| Work instruction |
In the records below, find the line with "Of those species", then retype it and every following line exactly, stopping after the line with "Курс биткойна к". Leave the pictures out.

| Dataset excerpts |
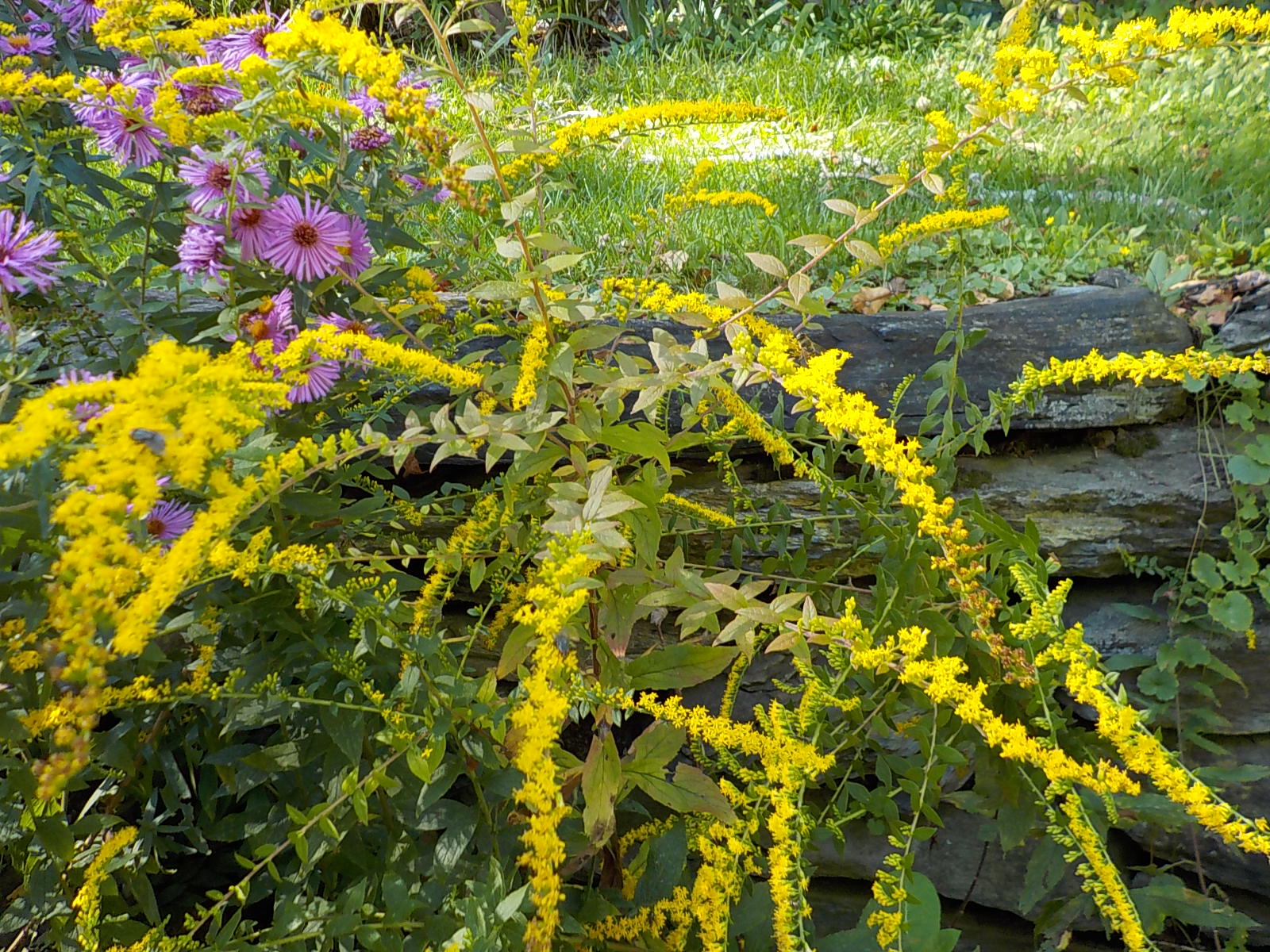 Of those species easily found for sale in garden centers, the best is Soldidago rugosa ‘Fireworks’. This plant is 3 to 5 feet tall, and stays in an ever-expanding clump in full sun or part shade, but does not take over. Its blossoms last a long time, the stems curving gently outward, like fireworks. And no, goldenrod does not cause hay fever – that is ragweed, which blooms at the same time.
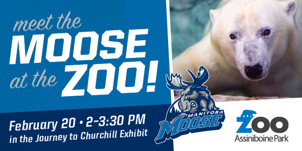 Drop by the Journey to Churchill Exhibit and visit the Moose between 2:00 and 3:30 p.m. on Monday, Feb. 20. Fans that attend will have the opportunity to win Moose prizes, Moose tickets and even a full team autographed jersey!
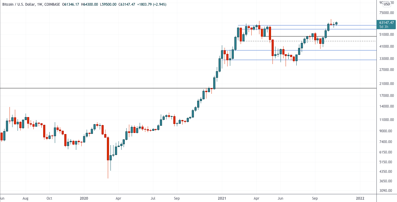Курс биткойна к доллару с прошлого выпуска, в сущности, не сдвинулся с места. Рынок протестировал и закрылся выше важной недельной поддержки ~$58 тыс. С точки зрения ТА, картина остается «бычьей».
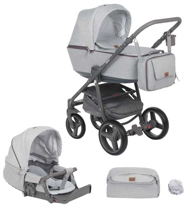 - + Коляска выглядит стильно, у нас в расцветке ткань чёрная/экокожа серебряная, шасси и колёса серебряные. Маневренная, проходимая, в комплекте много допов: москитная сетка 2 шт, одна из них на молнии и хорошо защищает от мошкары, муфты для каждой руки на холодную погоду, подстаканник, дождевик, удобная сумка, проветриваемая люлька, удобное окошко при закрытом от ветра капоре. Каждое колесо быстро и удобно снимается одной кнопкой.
---
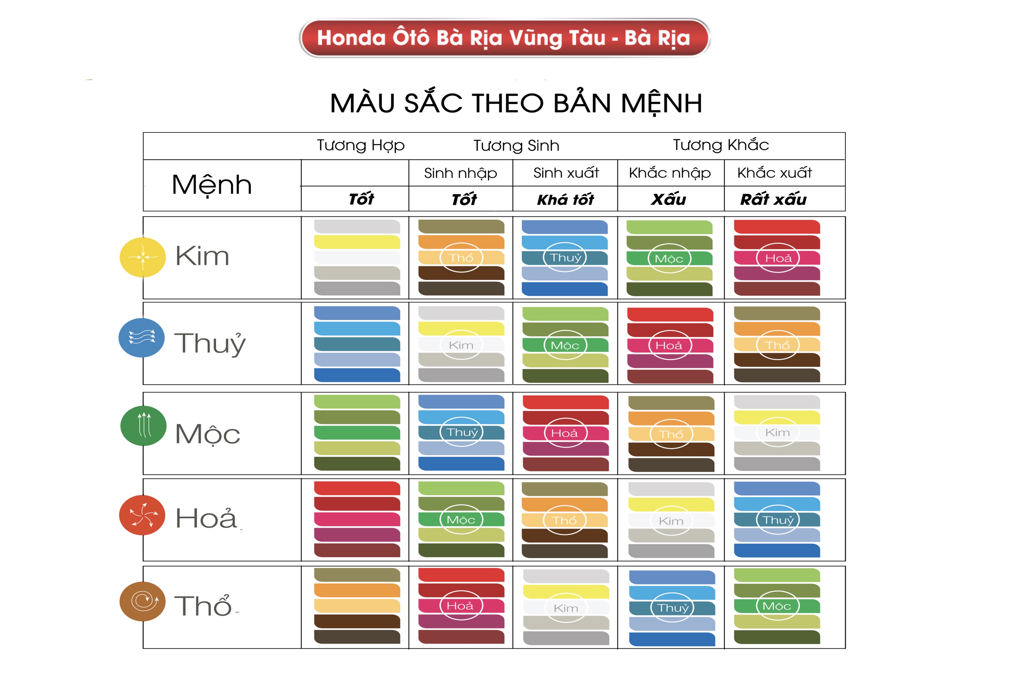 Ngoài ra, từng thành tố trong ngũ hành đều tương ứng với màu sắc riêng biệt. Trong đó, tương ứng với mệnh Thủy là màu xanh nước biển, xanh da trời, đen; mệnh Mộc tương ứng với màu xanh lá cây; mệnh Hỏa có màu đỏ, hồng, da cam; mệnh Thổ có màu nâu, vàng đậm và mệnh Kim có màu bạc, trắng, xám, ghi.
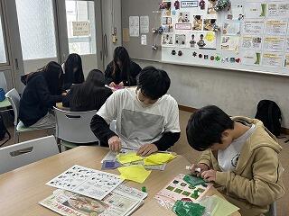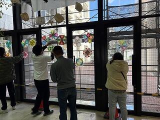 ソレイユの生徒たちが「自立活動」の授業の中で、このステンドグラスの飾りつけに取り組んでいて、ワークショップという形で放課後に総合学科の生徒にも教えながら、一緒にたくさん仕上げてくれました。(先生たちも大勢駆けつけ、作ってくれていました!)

| Answer to the exercise |
 Of those species easily found for sale in garden centers, the best is Soldidago rugosa ‘Fireworks’. This plant is 3 to 5 feet tall, and stays in an ever-expanding clump in full sun or part shade, but does not take over. Its blossoms last a long time, the stems curving gently outward, like fireworks. And no, goldenrod does not cause hay fever – that is ragweed, which blooms at the same time.
 Drop by the Journey to Churchill Exhibit and visit the Moose between 2:00 and 3:30 p.m. on Monday, Feb. 20. Fans that attend will have the opportunity to win Moose prizes, Moose tickets and even a full team autographed jersey!
Курс биткойна к доллару с прошлого выпуска, в сущности, не сдвинулся с места. Рынок протестировал и закрылся выше важной недельной поддержки ~$58 тыс. С точки зрения ТА, картина остается «бычьей».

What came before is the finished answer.